TASK DESCRIPTION:
Your copy should hold only the lines from the one with "それいけ!アンパンマン ショー 開催日時開催店舗10/13(月)" to the one with "逆光代售提醒:11.18《魔兽世界》时光服上线,搬砖攻略速码!", both included, each exactly as it stands below, with no pictures.

INFORMATION:
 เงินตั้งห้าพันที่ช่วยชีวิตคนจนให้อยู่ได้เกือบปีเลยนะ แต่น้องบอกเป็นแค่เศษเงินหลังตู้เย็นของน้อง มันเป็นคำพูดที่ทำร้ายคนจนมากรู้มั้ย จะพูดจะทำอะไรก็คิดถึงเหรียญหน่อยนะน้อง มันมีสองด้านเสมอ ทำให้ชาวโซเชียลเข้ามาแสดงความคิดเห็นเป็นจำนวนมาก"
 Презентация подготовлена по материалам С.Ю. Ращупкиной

---

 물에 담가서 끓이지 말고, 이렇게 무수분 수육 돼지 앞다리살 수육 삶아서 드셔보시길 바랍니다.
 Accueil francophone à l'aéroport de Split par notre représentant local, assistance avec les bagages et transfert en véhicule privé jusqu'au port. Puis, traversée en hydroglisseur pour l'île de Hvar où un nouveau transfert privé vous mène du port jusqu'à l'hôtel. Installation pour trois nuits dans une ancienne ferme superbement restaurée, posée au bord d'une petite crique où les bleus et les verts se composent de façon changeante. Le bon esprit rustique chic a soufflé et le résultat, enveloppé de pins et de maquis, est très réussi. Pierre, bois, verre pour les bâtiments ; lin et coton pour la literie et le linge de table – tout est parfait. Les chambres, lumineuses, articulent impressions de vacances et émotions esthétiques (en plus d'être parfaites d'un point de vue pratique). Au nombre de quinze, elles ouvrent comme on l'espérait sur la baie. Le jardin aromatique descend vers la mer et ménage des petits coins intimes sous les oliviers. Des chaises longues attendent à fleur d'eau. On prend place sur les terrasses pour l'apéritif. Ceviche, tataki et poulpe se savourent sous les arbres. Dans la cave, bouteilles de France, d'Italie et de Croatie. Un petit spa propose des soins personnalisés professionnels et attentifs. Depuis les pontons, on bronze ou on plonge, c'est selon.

==

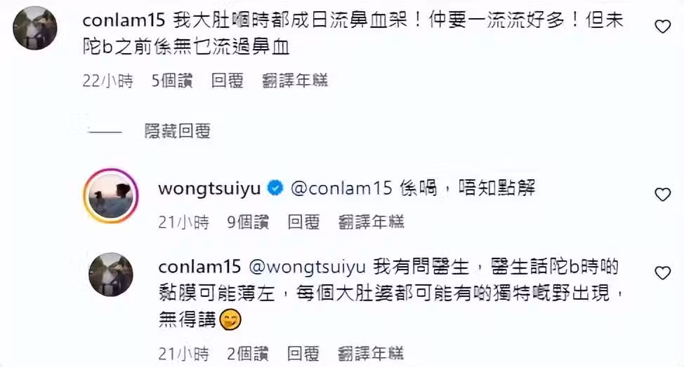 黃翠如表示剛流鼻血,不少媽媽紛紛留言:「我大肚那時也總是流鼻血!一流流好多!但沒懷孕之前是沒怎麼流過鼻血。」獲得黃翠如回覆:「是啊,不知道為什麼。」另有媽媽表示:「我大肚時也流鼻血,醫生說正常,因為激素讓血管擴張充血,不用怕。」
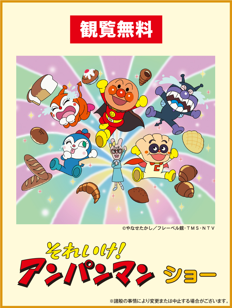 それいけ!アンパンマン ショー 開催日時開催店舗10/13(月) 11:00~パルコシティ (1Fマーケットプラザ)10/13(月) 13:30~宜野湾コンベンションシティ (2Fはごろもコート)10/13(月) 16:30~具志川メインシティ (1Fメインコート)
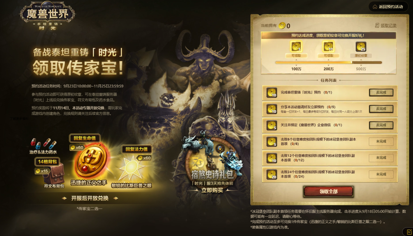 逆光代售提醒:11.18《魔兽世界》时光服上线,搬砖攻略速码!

SOLUTION TO THE EXERCISE:
 それいけ!アンパンマン ショー 開催日時開催店舗10/13(月) 11:00~パルコシティ (1Fマーケットプラザ)10/13(月) 13:30~宜野湾コンベンションシティ (2Fはごろもコート)10/13(月) 16:30~具志川メインシティ (1Fメインコート)
 逆光代售提醒:11.18《魔兽世界》时光服上线,搬砖攻略速码!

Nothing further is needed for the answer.